In short, the documentary traces (very successful implementations of) universal health care in 5 countries (England, Japan, Germany, Taiwan, and Switzerland) and summarizes three key points of learning from all these systems:
- Insurance companies must accept everyone (with or without pre-existing conditions) and cannot make a profit on basic care.
- Everybody is mandated to buy insurance, and the government pays the premium for the poor.
- Doctors and hospitals have to accept one standard set of fixed prices.
A description of the documentary from the PBS site follows:
In Sick Around the World, FRONTLINE teams up with veteran Washington Post foreign correspondent T.R. Reid to find out how five other capitalist democracies -- the United Kingdom, Japan, Germany, Taiwan and Switzerland -- deliver health care, and what the United States might learn from their successes and their failures.
Reid's first stop is the U.K., where the government-run National Health Service (NHS) is funded through taxes. "Every single person who's born in the U.K. will use the NHS," says Whittington Hospital CEO David Sloman, "and none of them will be presented a bill at any point during that time." Often dismissed in America as "socialized medicine," the NHS is now trying some free-market tactics like "pay-for-performance," where doctors are paid more if they get good results controlling chronic diseases like diabetes. And now patients can choose where they go for medical procedures, forcing hospitals to compete head to head.
While such initiatives have helped reduce waiting times for elective surgeries, Times of London health editor Nigel Hawkes thinks the NHS hasn't made enough progress. "We're now in a world in which people are much more demanding, and I think that the NHS is not very effective at delivering in that modern, market-orientated world."
Reid reports next from Japan, which boasts the second largest economy and the best health statistics in the world. The Japanese go to the doctor three times as often as Americans, have more than twice as many MRI scans, use more drugs, and spend more days in the hospital. Yet Japan spends about half as much on health care per capita as the United States.
One secret to Japan's success? By law, everyone must buy health insurance -- either through an employer or a community plan -- and, unlike in the U.S., insurers cannot turn down a patient for a pre-existing illness, nor are they allowed to make a profit.
Reid's journey then takes him to Germany, the country that invented the concept of a national health care system. For its 80 million people, Germany offers universal health care, including medical, dental, mental health, homeopathy and spa treatment. Professor Karl Lauterbach, a member of the German parliament, describes it as "a system where the rich pay for the poor and where the ill are covered by the healthy." As they do in Japan, medical providers must charge standard prices. This keeps costs down, but it also means physicians in Germany earn between half and two-thirds as much as their U.S. counterparts.
In the 1990s, Taiwan researched many health care systems before settling on one where the government collects the money and pays providers. But the delivery of health care is left to the market. Every person in Taiwan has a "smart card" containing all of his or her relevant health information, and bills are paid automatically. But the Taiwanese are spending too little to sustain their health care system, according to Princeton's Tsung-mei Cheng, who advised the Taiwanese government. "As we speak, the government is borrowing from banks to pay what there isn't enough to pay the providers," she told FRONTLINE.

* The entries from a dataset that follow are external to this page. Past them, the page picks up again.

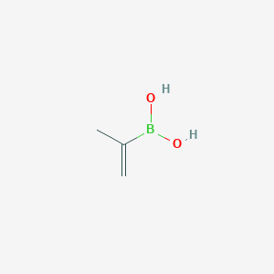 This compound is an organoboron compound featuring a vinyl group attached to the boron atom. This structural motif makes it a versatile building block for the introduction of the isopropenyl group in the construction of carbon-carbon bonds. While the free boronic acid can be challenging to handle due to its propensity for dehydration to form boroxines, it is often generated in situ or handled as its more stable pinacol ester derivative, 4,4,5,5-tetramethyl-2-(prop-1-en-2-yl)-1,3,2-dioxaborolane. This guide will cover the synthesis of the pinacol ester and its subsequent hydrolysis to the desired this compound.
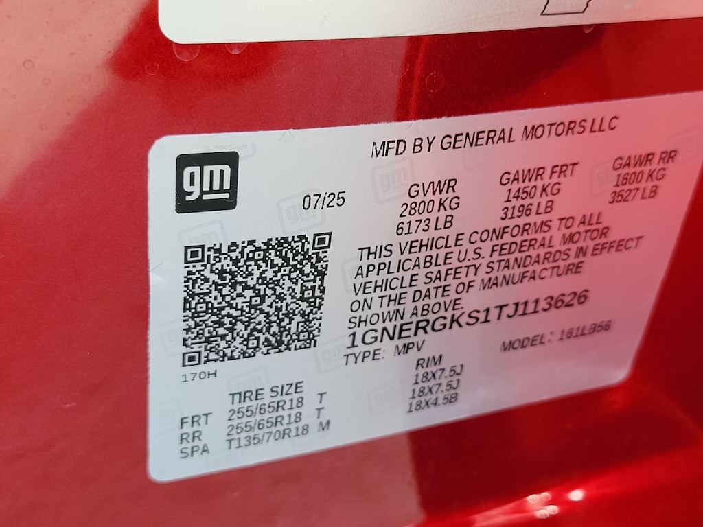Driver Confidence Package (HD Surround Vision, Key Card, Power Outlet, Rear Camera Mirror, Rear Pedestrian Alert, and Traffic Sign Recognition), Preferred Equipment Group 1LT, 6-Speaker Audio System Feature, Navigation System, Speed control, 3rd row seats: split-bench, 4-Way Manual Front Passenger Seat Adjuster, 4-Wheel Disc Brakes, 6 Speakers, 8-Way Power Driver Seat Adjuster, ABS brakes, Air Conditioning, Alloy wheels, AM/FM radio: SiriusXM with 360L, Apple CarPlay/Android Auto, Auto High-beam Headlights, Automatic temperature control, Brake assist, Bumpers: body-color, Child-Seat-Sensing Airbag, Compass, Delay-off headlights, Driver door bin, Driver vanity mirror, Dual front impact airbags, Dual front side impact airbags, Electronic Stability Control, Emergency communication system: OnStar, Four wheel independent suspension, Front anti-roll bar, Front Bucket Seats, Front Center Armrest, Front dual zone A/C, Front reading lights, Fully automatic headlights, Heated door mirrors, Heated front seats, Heated steering wheel, Illuminated entry, Low tire pressure warning, Occupant sensing airbag, Outside temperature display, Overhead airbag, Overhead console, Panic alarm, Passenger door bin, Passenger vanity mirror, Power door mirrors, Power driver seat, Power Liftgate, Power steering, Power windows, Premium Cloth Seat Trim, Radio data system, Rear air conditioning, Rear anti-roll bar, Rear reading lights, Rear window defroster, Rear window wiper, Remote keyless entry, Security system, Speed-sensing steering, Spoiler, Steering wheel mounted audio controls, Tachometer, Telescoping steering wheel, Tilt steering wheel, Traction control, Trip computer, Turn signal indicator mirrors, Variably intermittent wipers, Voltmeter, and Wheels: 18 Grazen Metallic Machined-Face Aluminum. Tax, title, license and dealer fees (unless itemized above) are extra. Not available with special finance or lease offers. See Dealer for Details. Price includes: $1500 - Customer Cash. Exp. 01/02/2026
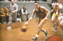 But the real story actually begins a year before that championship season. In the 1952-1953 season, their new coach, Marvin Wood, brought a "continuity basketball" program to one of the state's smallest high schools and also taught his young charges a full-court trapping defense and a four-corners offense he called "the cat and mouse." At first Wood was not very popular in the community -- he was replacing a very popular coach, and closed the team's practice sessions to the public while changing the offensive and defensive schemes. This caused quite a bit of controversy. But under his leadership, the Indians advanced

Reid's last stop is Switzerland, a country which, like Taiwan, set out to reform a system that did not cover all its citizens. In 1994, a national referendum approved a law called LAMal ("the sickness"), which set up a universal health care system that, among other things, restricted insurance companies from making a profit on basic medical care. The Swiss example shows health care reform is possible, even in a highly capitalist country with powerful insurance and pharmaceutical companies.
Today, Swiss politicians from the right and left enthusiastically support universal health care. "Everybody has a right to health care," says Pascal Couchepin, the current president of Switzerland. "It is a profound need for people to be sure that if they are struck by destiny ... they can have a good health system."
1 comment:
...while in Britain, there seems to be a push by the government to privatize parts of the healthcare system.
See The Great Consolidation by Monbiot:
http://www.monbiot.com/archives/2008/04/29/the-great-consolidation-2/
"This is not a public-private partnership: it is the outright privatisation of primary healthcare. Do I need to explain the implications? The US health system, which the British government seems determined to emulate, is both more expensive and less efficient than ours; those who can’t afford to pay are either excluded or treated like battery pigs"
and also..
"Did any of us ask for this? Are there crowds on the streets demanding the privatisation of the NHS? Even the Tories, for God’s sake, have come out against it: David Cameron’s speech last week placed them to the left of Labour(18). Why, after the 60-odd consecutive quarters of growth that Gordon Brown keeps boasting about, can he not maintain a public service founded in the midst of poverty and rationing? What mysterious hold on policy do the corporations possess, that they can persuade this government to wreck Labour’s finest achievement and damage its chances of re-election?"